- _Task requirements_
Only the pictures should be left out; write out all other data exactly.

- _Collected material_
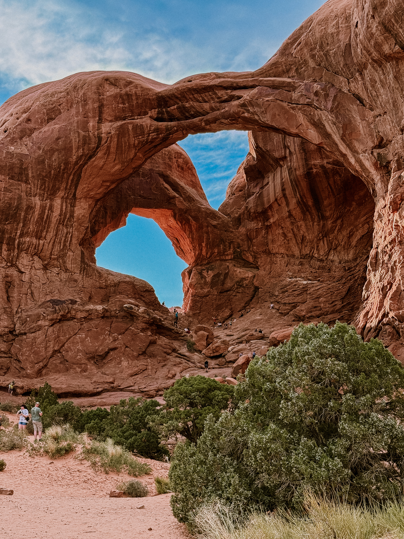 Back to Arches. We camped right down the road–like within a mile of the entrance. This is going to be somewhat short and sweet because my memory is failing me. I am pretty sure we went in that night and then the next. We did go inside for sunset pictures. I watched as the rest of the crew climbed the rocks and sat in the opening of the Arches. Just a beautiful sight!
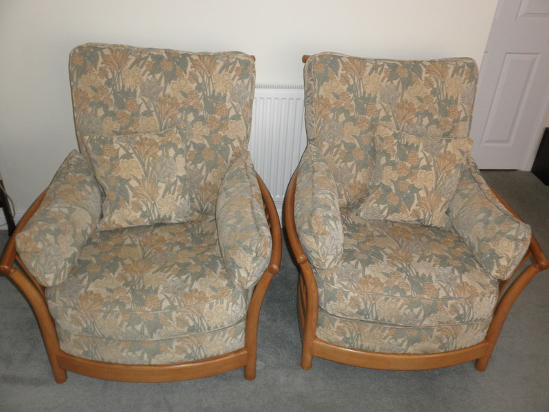 Produced in 2004, this pair of Ercol Renaissance high back armchairs with the Ercol metal button are in excellent, original condition. With sturdy frames in Ercol’s natural finish and ample cushioning with very strong, good quality Ercol fabric featuring a pattern of mixed flora and fauna in muted shades of green, gold and blue – all in excellent, unmarked and newly cleaned condition.
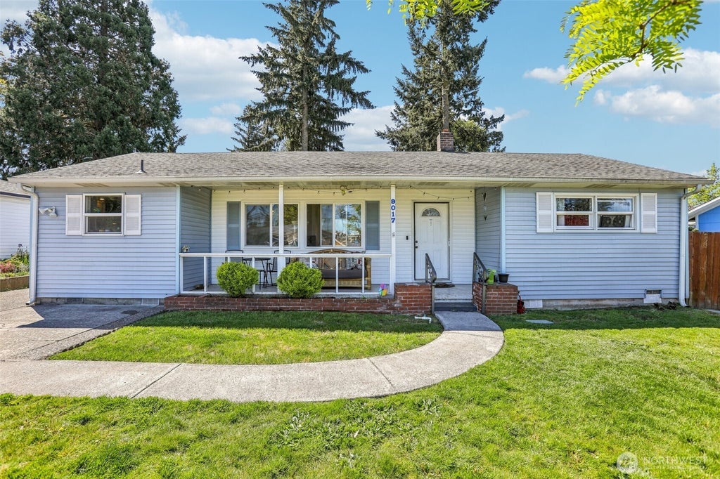 Welcome to this charming home w/covered front porch. Living room w/built-in bookcase, picture window w/backyard views flows into the dining room. Cozy eat bar kitchen w/abundant cabinetry including a lazy susan & built-in pantry, built-in dishwasher, electric range w/hood, & refrigerator. A separate dining nook provides additional space for casual meals. 2 bedrooms each feature a ceiling fan & closet. Laundry/mud room includes a washer, dryer, built-ins, & access to backyard. Full bath w/pedestal sink, combo soak tub & shower. Original hardwood, tile & vinyl flooring. Outdoor living w/back patio & wood-burning brick fireplace, perfect for entertaining. 1-car detached garage, landscaped 7,893 sq ft lot, front sprinklers. Make it yours!

- _Answer box_
 Back to Arches. We camped right down the road–like within a mile of the entrance. This is going to be somewhat short and sweet because my memory is failing me. I am pretty sure we went in that night and then the next. We did go inside for sunset pictures. I watched as the rest of the crew climbed the rocks and sat in the opening of the Arches. Just a beautiful sight!
 Produced in 2004, this pair of Ercol Renaissance high back armchairs with the Ercol metal button are in excellent, original condition. With sturdy frames in Ercol’s natural finish and ample cushioning with very strong, good quality Ercol fabric featuring a pattern of mixed flora and fauna in muted shades of green, gold and blue – all in excellent, unmarked and newly cleaned condition.
 Welcome to this charming home w/covered front porch. Living room w/built-in bookcase, picture window w/backyard views flows into the dining room. Cozy eat bar kitchen w/abundant cabinetry including a lazy susan & built-in pantry, built-in dishwasher, electric range w/hood, & refrigerator. A separate dining nook provides additional space for casual meals. 2 bedrooms each feature a ceiling fan & closet. Laundry/mud room includes a washer, dryer, built-ins, & access to backyard. Full bath w/pedestal sink, combo soak tub & shower. Original hardwood, tile & vinyl flooring. Outdoor living w/back patio & wood-burning brick fireplace, perfect for entertaining. 1-car detached garage, landscaped 7,893 sq ft lot, front sprinklers. Make it yours!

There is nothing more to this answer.